Qwen3-Coder-30B-A3B-Instruct

29 swesnow 10 7/31/2025, 2:44:01 PM huggingface.co ↗

Comments (10)

danielhanchen · 11h ago
I uploaded quantized and full precision GGUFs for local llama.cpp inference to https://huggingface.co/unsloth/Qwen3-Coder-30B-A3B-Instruct-.... Docs to run them: https://docs.unsloth.ai/basics/qwen3-coder-how-to-run-locall...

Also fixed tool calling for the 480B Coder https://docs.unsloth.ai/basics/qwen3-coder-how-to-run-locall... and made 1 million context ones as well.

matznerd · 10h ago
Love the work you're doing at Unsloth!
danielhanchen · 3h ago
Oh thank you! :)
incomingpain · 8h ago
Huge high five!
danielhanchen · 3h ago
:)
d_sc · 3h ago
Between this and models like exaone 4 32b reasoning is it possible to have a TUI setup similar to Claude code?
matznerd · 10h ago
If you're on Mac you can download LM Studio and get the MLX version (edit - links below). I am running it on 64 gb M1 and it takes about ~30 gb ram. I've been on the hunt for a local orchestrator model that interprets input with speech to text (STT) from WhisperX, then can decide what to do. I have only been running it for a day, but it may be overkill for my setup.

For simple tasks it can quickly respond and then understand to use MCP servers for tasks and other things, but offloading all the heavy lifting to claude code via sdk and cli, then bringing the results back in a summary or with clarifying questions as text to speech (TTS). I'm playing with Kyutai TTs b/c have great models that sound real and can do conversational streaming with VAD (though my mbp is too slow with it for now but see https://unmute.sh/ for demo).

I am looking for an orchestrator model that runs on 10-15 gb of ram and can do really good tool calling and model routing. I'm will likely move to something even smaller designed specifically for this, like Jan Nano and then spin up an intermediate model like Qwen if needed, or try a smaller Qwen. https://github.com/menloresearch/jan?tab=readme-ov-file

Ultimately, I want something that can see my screen and know what is going on and have full context and be live, so I was excited about Gemma 3N multi-modal, but its not really available yet fully with vision at least for MLX. https://deepmind.google/models/gemma/gemma-3n/

Next 6 months in this area is going to be pretty wild though.

edit: Fixed links below, thanks

https://huggingface.co/lmstudio-community/Qwen3-Coder-30B-A3... https://huggingface.co/mlx-community/Qwen3-Coder-30B-A3B-Ins...

DarmokJalad1701 · 9h ago
bijant · 11h ago
Trying this out for the last few minutes feels like how Unix-Admins must have felt when they first used Linux. Sure, it's still a bit rough around the edges but you instantly realize that it's just a question of time before its "game over" for all commercial Unix vendors.
incomingpain · 8h ago
Trying this out.

Qwen Code just straight up fails to use it. Fails to use tools and crashes it. I dunno.
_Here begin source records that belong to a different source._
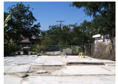
El propietario derribó esta estructura ilegal
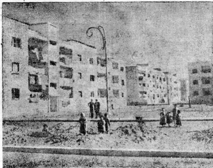
Республика Египет. В Порт-Саïде продолжают восстановительные работы. Больше года назад египетский народ дал отпор империалистической агрессии и добился вывода англо-французских войск из Порт-Саïда. Агрессоры сильно разрушили город. Сейчас на месте развалин возведены многоквартирные жилые корпуса.

картина жизни трудящихся Узбекистана в конце 20-х гг., передана сложная, напряженная обстановка первых лет индустриализации страны. Автор рассказывает о сооружении большого оросительного канала в Голодной степи.
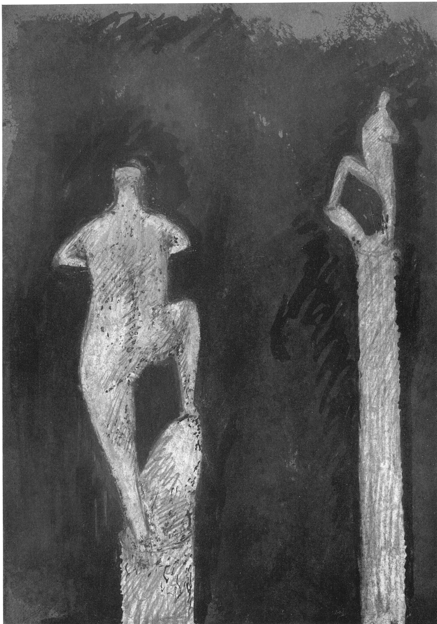
Benedict Remund, Stehender Akt. Entwurf für eine Plastik im Garten des Bürgerspitals Basel. Farbige Zeichnung | Nu. Dessin en couleurs | Nude standing. Coloured design
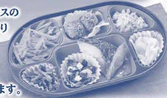
※写真はおかずコースの一例です。
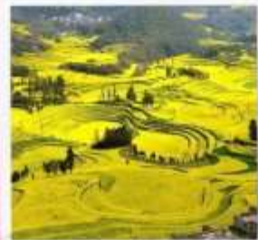
จุดชมวิวกุเขาไก่ทอง

Aider was a huge waste of time.

Openhands is working really well but occasional:

Parameter 'command=str_replace</parameter' is not allowed for function 'str_replace_editor'. Allowed parameters: {'view_range', 'path', 'command', 'o│ │ld_str', 'insert_line', 'file_text', 'new_str'}

Jury is still out on whether this is better than Devstral.